WORK ORDER: Type out the whole listing again exactly, pictures omitted.

PROVIDED MATERIAL:
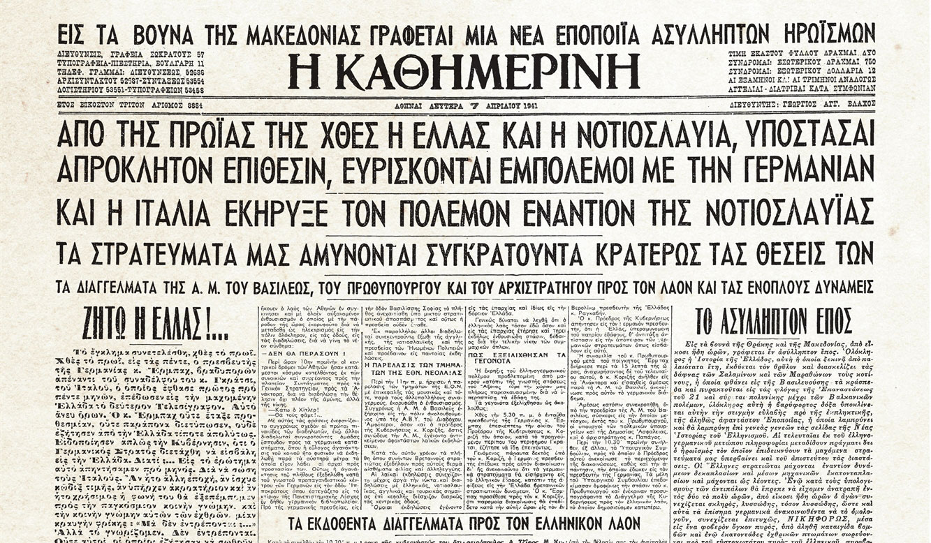 Με αυτόν τον λιτό τίτλο, ανακοινώνει η «Καθημερινή» στις 7 Απριλίου 1941 την έναρξη της γερμανικής εισβολής που έλαβε χώρα την προηγούμενη ημέρα.
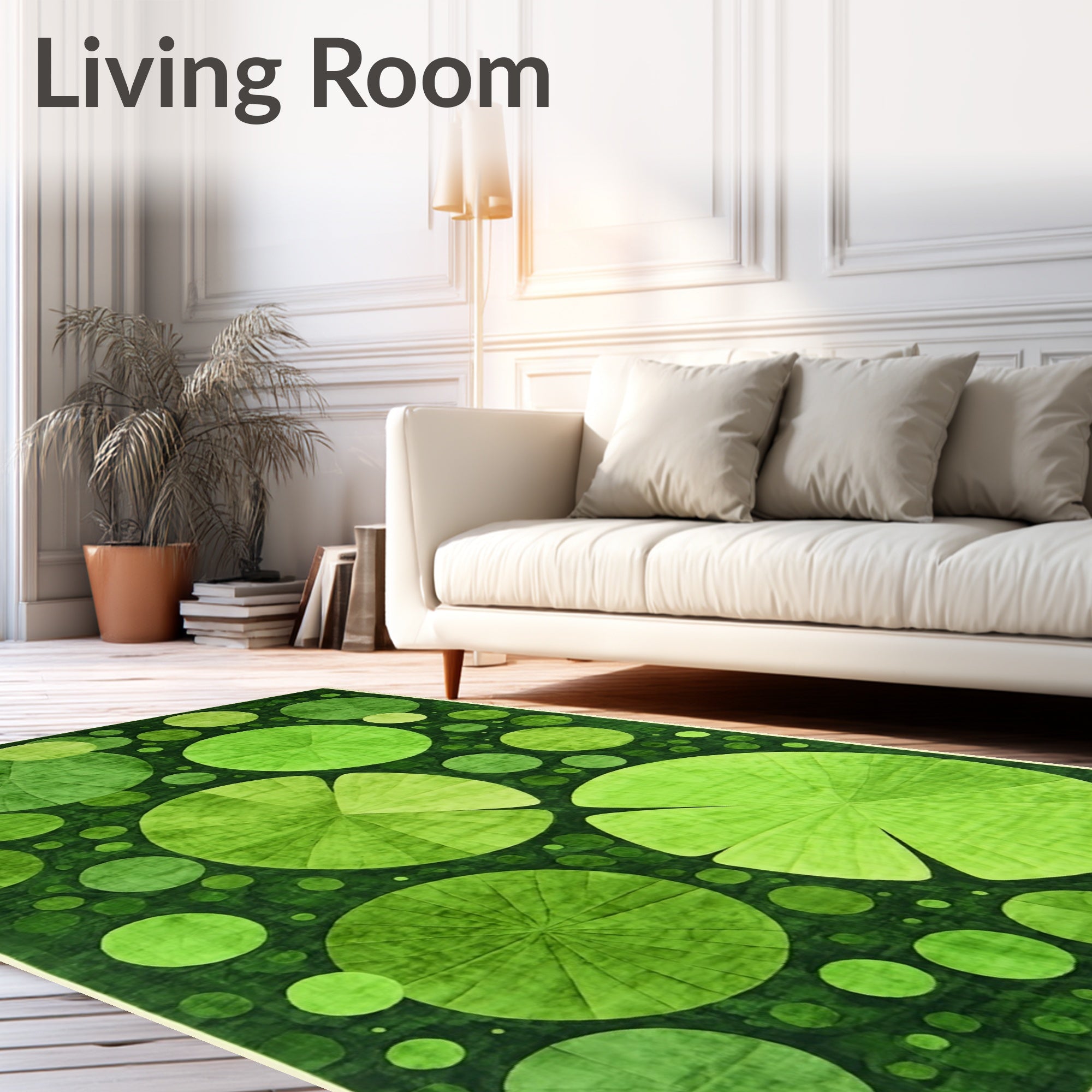 Ultra Soft Area Rug, Non Slip, Stain Resistant, Washable Area Rugs for Living Room, Bedroom, Frog Haven Playful Lily Pad Inspired Accent Green Rug(Green) Overview:
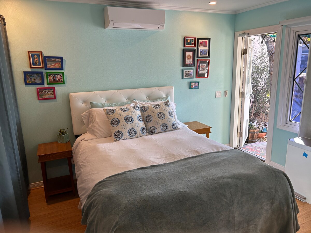 • Air conditioning & heating are controlled by your hosts. A/C and heating are typically turned off unless the hosts feel it's necessary to turn it on. The weather is mild all year round since we live near the ocean and our house is well insulated. Quiet Cool System will be turned in the afternoon on hot days to bring cool air from outside. The bedroom has a powerful and quiet ceiling fan system that can regulate the room temperature quickly.

FINAL ANSWER:
 Με αυτόν τον λιτό τίτλο, ανακοινώνει η «Καθημερινή» στις 7 Απριλίου 1941 την έναρξη της γερμανικής εισβολής που έλαβε χώρα την προηγούμενη ημέρα.
 Ultra Soft Area Rug, Non Slip, Stain Resistant, Washable Area Rugs for Living Room, Bedroom, Frog Haven Playful Lily Pad Inspired Accent Green Rug(Green) Overview:
 • Air conditioning & heating are controlled by your hosts. A/C and heating are typically turned off unless the hosts feel it's necessary to turn it on. The weather is mild all year round since we live near the ocean and our house is well insulated. Quiet Cool System will be turned in the afternoon on hot days to bring cool air from outside. The bedroom has a powerful and quiet ceiling fan system that can regulate the room temperature quickly.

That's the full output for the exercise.